O debate sobre o fim da escala 6×1 e a redução da jornada de trabalho no Brasil ganhou nova leitura crítica nesta semana. O colunista Gesner Oliveira, do CNN Money, avalia que o principal desafio não está no mérito da proposta, mas no ritmo e no processo de tramitação.

Para Oliveira, existem dois tempos que não dialogam: o econômico, ligado ao crescimento e bem-estar, e o tempo eleitoral. A medida, embora aparente benefício ao reduzir horas sem cortar salários, pode gerar ganhos por hora trabalhada, não por salário.

O colunista aponta que o período de transição é curto e que o Brasil tem um cenário distinto de países com alta produtividade, como Holanda, França e Suécia. A consequência potencial seria queda de demanda por mão de obra e menos postos de trabalho.

Risco de meio milhão de postos de trabalho

Com base em estudo que utiliza dados da RAIS e da PNAD do IBGE, Oliveira estima perda de cerca de meio milhão de vagas, caso a produtividade permaneça estagnada. Ele compara com a produtividade brasileira entre 1990 e 2024, inferior a 1% ao ano, contrastando com ganhos nacionais de outras nações.

O colunista recorda que houve tentativa similar na Constituição de 1988, quando a jornada caiu de 48 para 44 horas semanais, sem evidência de aumento de produtividade.

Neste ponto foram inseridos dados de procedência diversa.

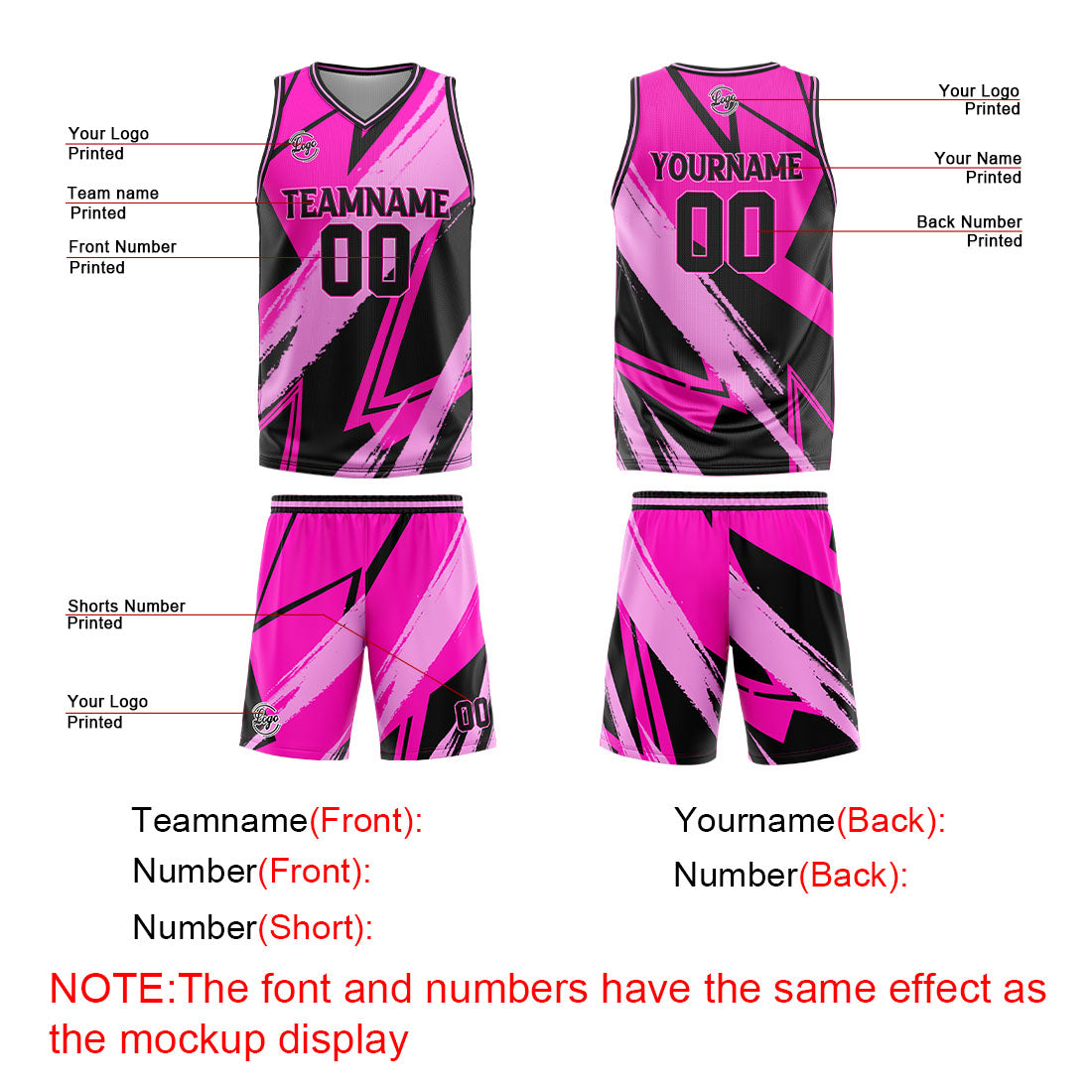 Benutzerdefinierter Rosa Schwarz Basketball Jersey Uniform Anzug gedruckt Ihr Logo Name Nummer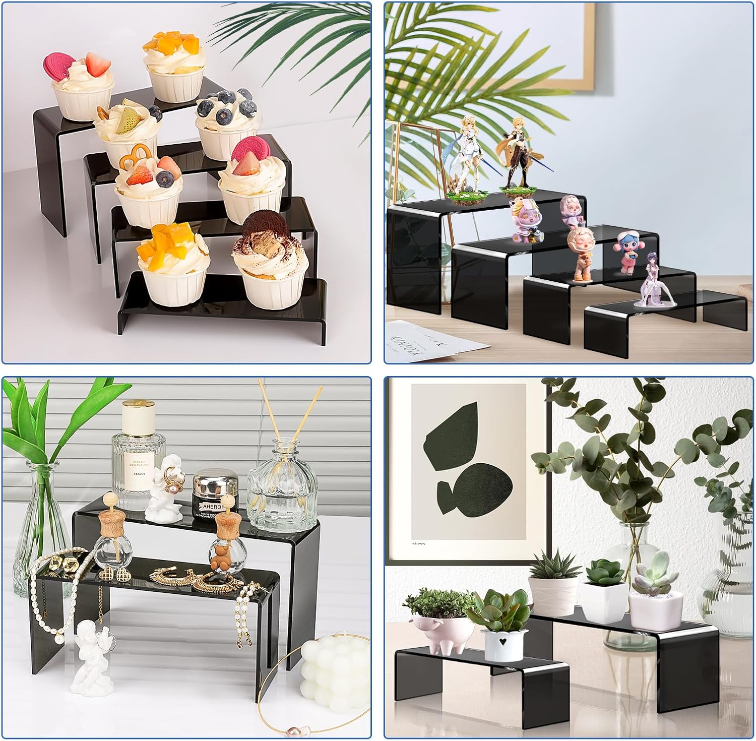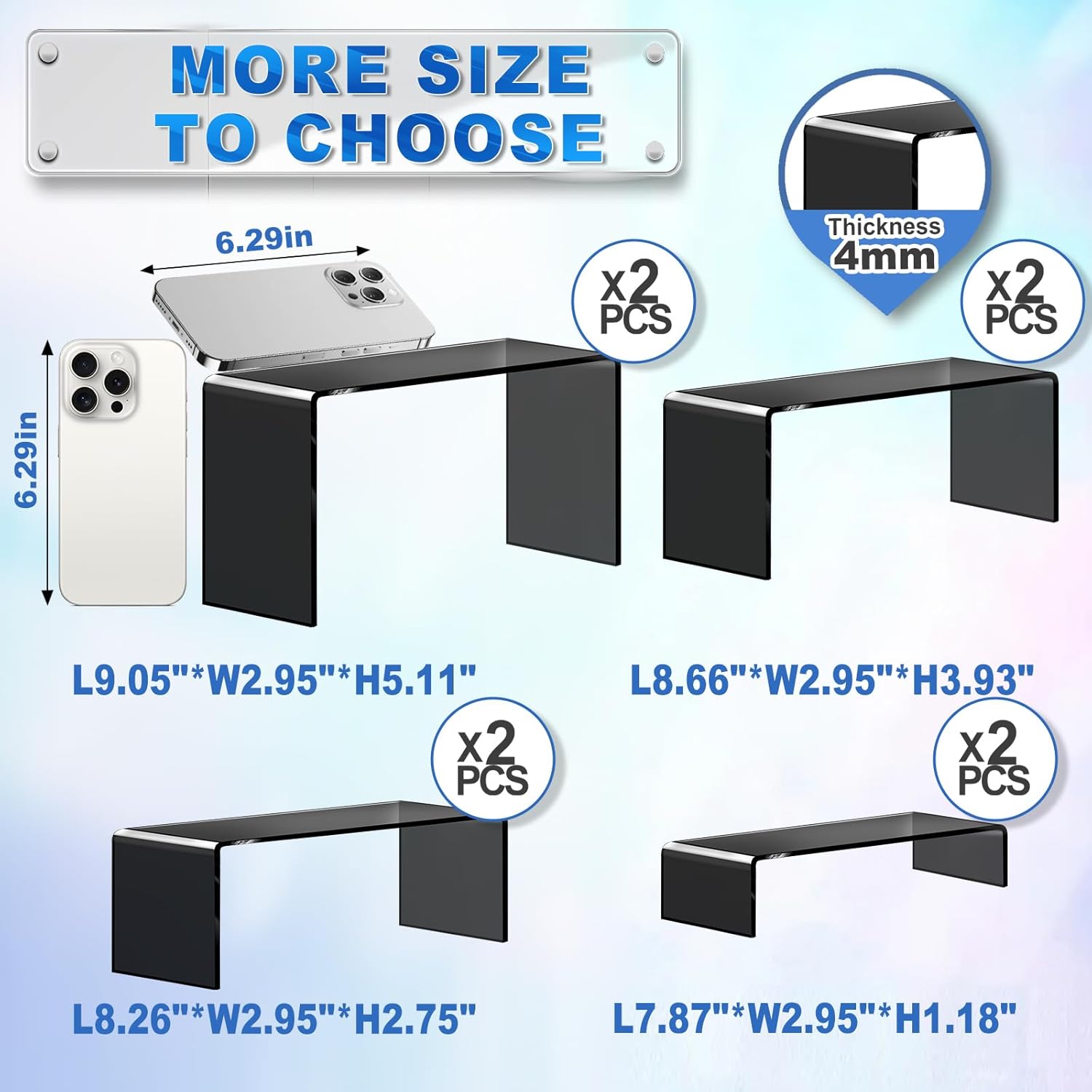 Aheroi Acrylic Risers, 8 Pcs 2 Set(7”L~8”L~9”L) Display Risers, Black Arylic Display Stands Acrylic Shelf Riser, Display Holders for Vendor Events, Cupcake Stands, Toys Display Clear Shelves

Dados do IPEA apontam que 87% dos trabalhadores com jornadas acima de 40 horas atuam em pequenas e médias empresas, setor com custos elevados.

Sem espaço fiscal para compensações

Sobre contrapartidas do Estado, Oliveira afirma que não há espaço fiscal para compensações, mesmo diante de experiências internacionais que ofereceram ajustes. Ele propõe um aprofundamento técnico do tema e cita a PEC por horas trabalhadas, de Rogério Marinho, como alternativa mais alinhada ao mercado moderno.

Para o colunista, a flexibilização da jornada poderia facilitar negociação individual e coletiva, mas experiências passadas indicam que medidas rígidas impostas de Brasília podem falhar. A conclusão é que o debate precisa evoluir com base em evidências, sem pressões políticas aceleradas.